Unfortunately, it's currently not possible for metatype types to conform to protocols (see this related question on the matter) – so CellThing.Type does not, and cannot, currently conform to Hashable. This therefore means that it cannot be used directly as the Key of a Dictionary.

However, you can create a wrapper for a metatype, using ObjectIdentifier in order to provide the Hashable implementation. For example:

/// Hashable wrapper for a metatype value.
struct HashableType<T> : Hashable {

  static func == (lhs: HashableType, rhs: HashableType) -> Bool {
    return lhs.base == rhs.base
  }

  let base: T.Type

  init(_ base: T.Type) {
    self.base = base
  }

  func hash(into hasher: inout Hasher) {
    hasher.combine(ObjectIdentifier(base))
  }
  // Pre Swift 4.2:
  // var hashValue: Int { return ObjectIdentifier(base).hashValue }
}

You can then also provide a convenience subscript on Dictionary that takes a metatype and wraps it in a HashableType for you:

extension Dictionary {
  subscript<T>(key: T.Type) -> Value? where Key == HashableType<T> {
    get { return self[HashableType(key)] }
    set { self[HashableType(key)] = newValue }
  }
}

which could then use like so:

class CellThing {}
class A : CellThing {}
class B : CellThing {}

var recycle: [HashableType<CellThing>: [CellThing]] = [:]

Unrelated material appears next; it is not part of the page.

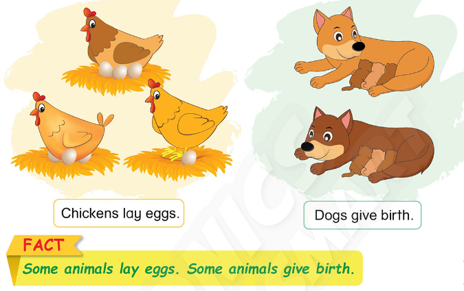 (Một số con vật đẻ trứng. Một số con vật đẻ con.)
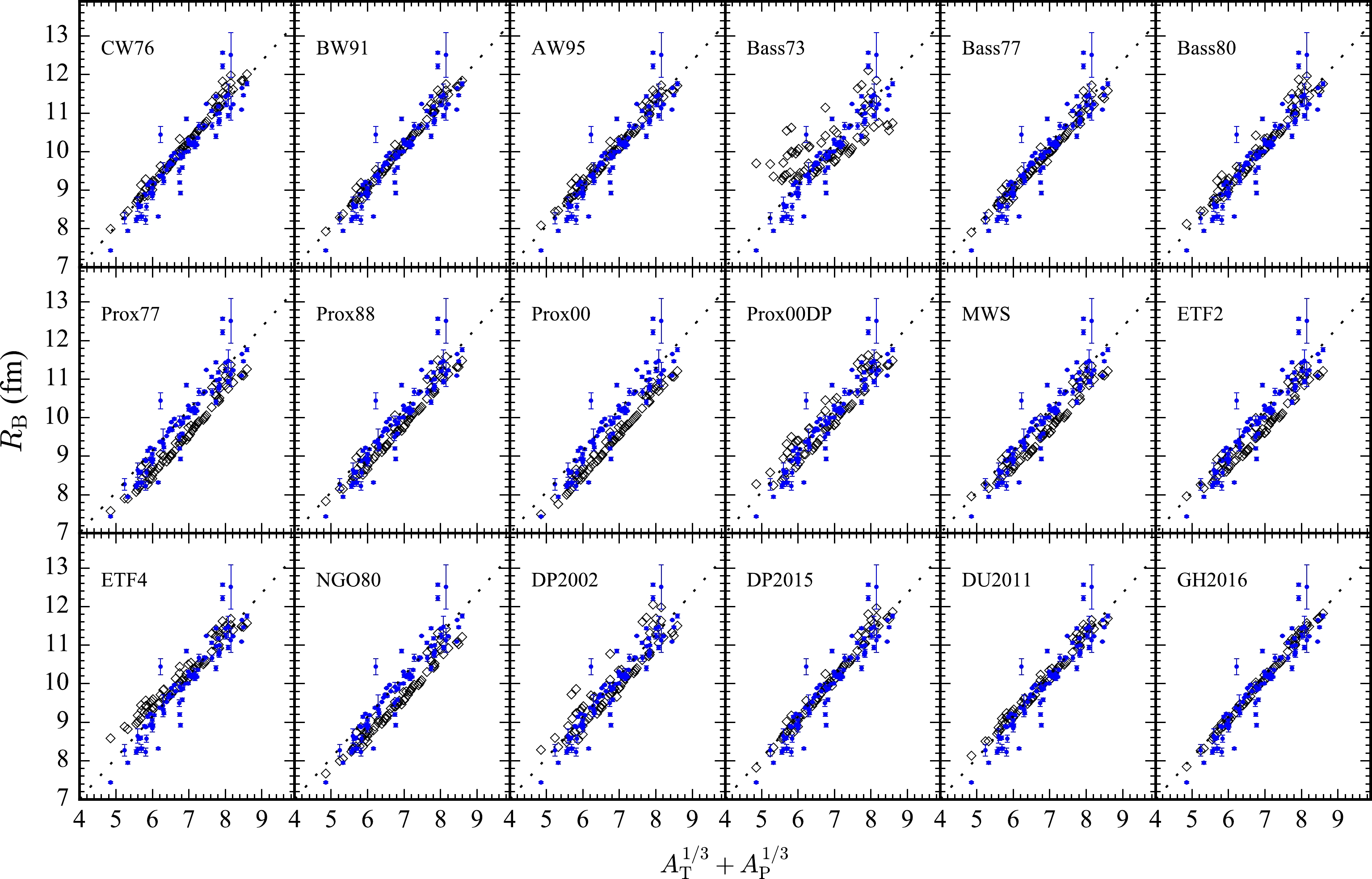 This means that we can estimate the barrier radius $ R_\mathrm{B} $ based on the extracted grazing distance $ R_\mathrm{S} $ from the quarter-point recipe. This formula is model dependent on $ R_{\rm B}^{\rm CW76} $ in Eq. (6). In Fig. 5, we show a comparison of the formula $ R_{\rm S}^{\rm Emp} $ and $ R_{\rm B}^{\rm CW76} $ and those predicted by the 18 potential models: CW76 [16], BW91 [64], AW95 [65], Bass73 [66], Bass77 [67], Bass80 [19], Prox77 [68], Prox88 [69], Prox00 [70], Prox00DP [71], MWS [72], ETF2 [73], ETF4 [74], NGO80 [75], DP2002 [76], DP2015 [60], DU2011 [77], and GH2016 [78]. We can see that $ R_{\rm B}^{\rm CW76} $ and $ R_{\rm S}^{\rm Emp} $ are in agreement with many models, including BW91, AW95, Bass80, DU2011, GH2016, and especially the sophisticated DP2015 potential. This agreement may increase the credibility of Eq. (7).

recycle[A.self] = [A(), A(), A()]
recycle[B.self] = [B(), B()]

print(recycle[A.self]!) // [A, A, A]
print(recycle[B.self]!) // [B, B]

This should also work fine for generics, you would simply subscript your dictionary with T.self instead.


Unfortunately one disadvantage of using a subscript with a get and set here is that you'll incur a performance hit when working with dictionary values that are copy-on-write types such as Array (such as in your example). I talk about this issue more in this Q&A.

A simple operation like:

recycle[A.self]?.append(A())

will trigger an O(N) copy of the array stored within the dictionary.

This is a problem that is aimed to be solved with generalised accessors, which have been implemented as an unofficial language feature in Swift 5. If you are comfortable using an unofficial language feature that could break in a future version (not really recommended for production code), then you could implement the subscript as:

extension Dictionary {
  subscript<T>(key: T.Type) -> Value? where Key == HashableType<T> {
    get { return self[HashableType(key)] }
    _modify {
      yield &self[HashableType(key)]
    }
  }
}

which solves the performance problem, allowing an array value to be mutated in-place within the dictionary.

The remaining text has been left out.